YOUR ASSIGNMENT: Your copy of the lines below must match them exactly and contain no images.

RAW DATA:
____________
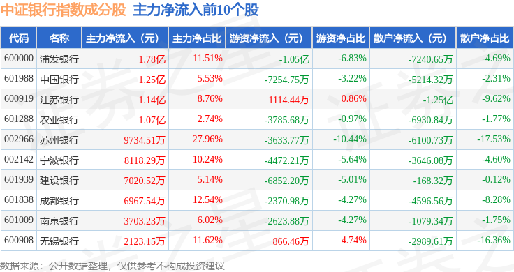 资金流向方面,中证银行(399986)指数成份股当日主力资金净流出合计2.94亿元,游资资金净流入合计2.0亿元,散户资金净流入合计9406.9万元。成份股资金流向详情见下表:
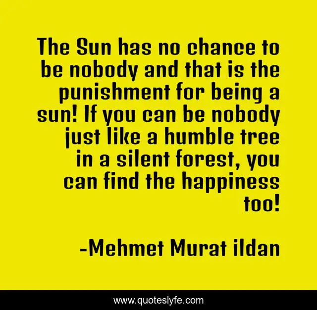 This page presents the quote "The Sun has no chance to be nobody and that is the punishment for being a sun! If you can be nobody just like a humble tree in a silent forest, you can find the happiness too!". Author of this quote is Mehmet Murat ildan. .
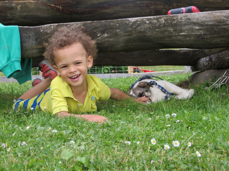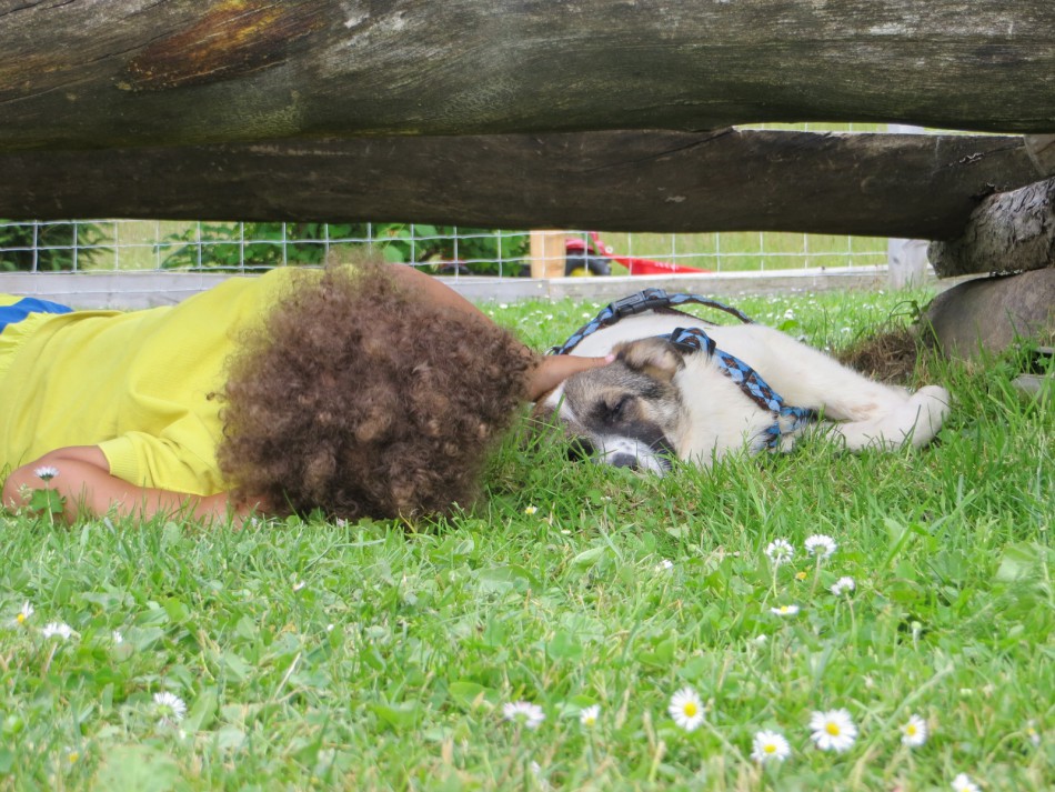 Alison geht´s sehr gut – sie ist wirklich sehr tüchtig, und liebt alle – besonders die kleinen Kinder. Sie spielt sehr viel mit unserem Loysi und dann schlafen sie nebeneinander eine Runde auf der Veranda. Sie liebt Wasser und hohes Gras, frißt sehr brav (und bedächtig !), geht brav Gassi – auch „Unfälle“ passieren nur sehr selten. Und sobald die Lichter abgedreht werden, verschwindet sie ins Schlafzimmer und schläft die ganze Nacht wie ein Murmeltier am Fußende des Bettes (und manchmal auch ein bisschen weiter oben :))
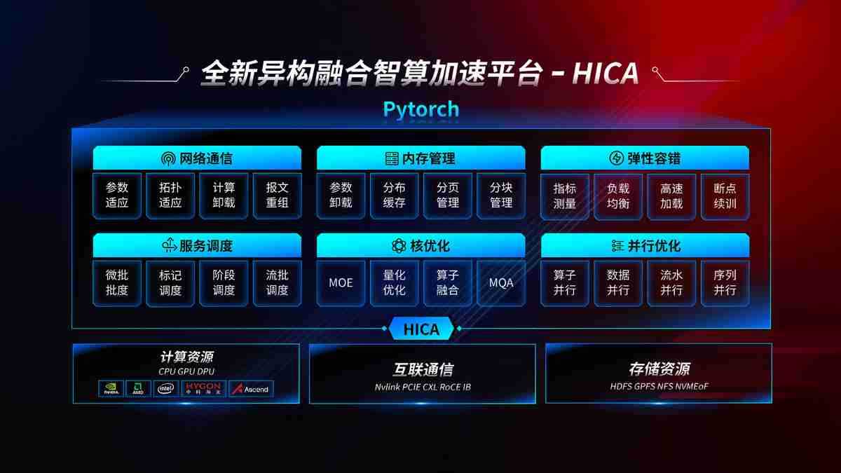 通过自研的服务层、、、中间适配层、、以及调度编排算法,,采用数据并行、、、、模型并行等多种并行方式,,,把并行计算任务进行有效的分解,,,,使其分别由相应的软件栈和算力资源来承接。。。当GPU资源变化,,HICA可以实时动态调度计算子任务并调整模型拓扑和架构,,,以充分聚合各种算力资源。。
____________
EXERCISE RESULT:
 资金流向方面,中证银行(399986)指数成份股当日主力资金净流出合计2.94亿元,游资资金净流入合计2.0亿元,散户资金净流入合计9406.9万元。成份股资金流向详情见下表:
 This page presents the quote "The Sun has no chance to be nobody and that is the punishment for being a sun! If you can be nobody just like a humble tree in a silent forest, you can find the happiness too!". Author of this quote is Mehmet Murat ildan. .
 Alison geht´s sehr gut – sie ist wirklich sehr tüchtig, und liebt alle – besonders die kleinen Kinder. Sie spielt sehr viel mit unserem Loysi und dann schlafen sie nebeneinander eine Runde auf der Veranda. Sie liebt Wasser und hohes Gras, frißt sehr brav (und bedächtig !), geht brav Gassi – auch „Unfälle“ passieren nur sehr selten. Und sobald die Lichter abgedreht werden, verschwindet sie ins Schlafzimmer und schläft die ganze Nacht wie ein Murmeltier am Fußende des Bettes (und manchmal auch ein bisschen weiter oben :))
 通过自研的服务层、、、中间适配层、、以及调度编排算法,,采用数据并行、、、、模型并行等多种并行方式,,,把并行计算任务进行有效的分解,,,,使其分别由相应的软件栈和算力资源来承接。。。当GPU资源变化,,HICA可以实时动态调度计算子任务并调整模型拓扑和架构,,,以充分聚合各种算力资源。。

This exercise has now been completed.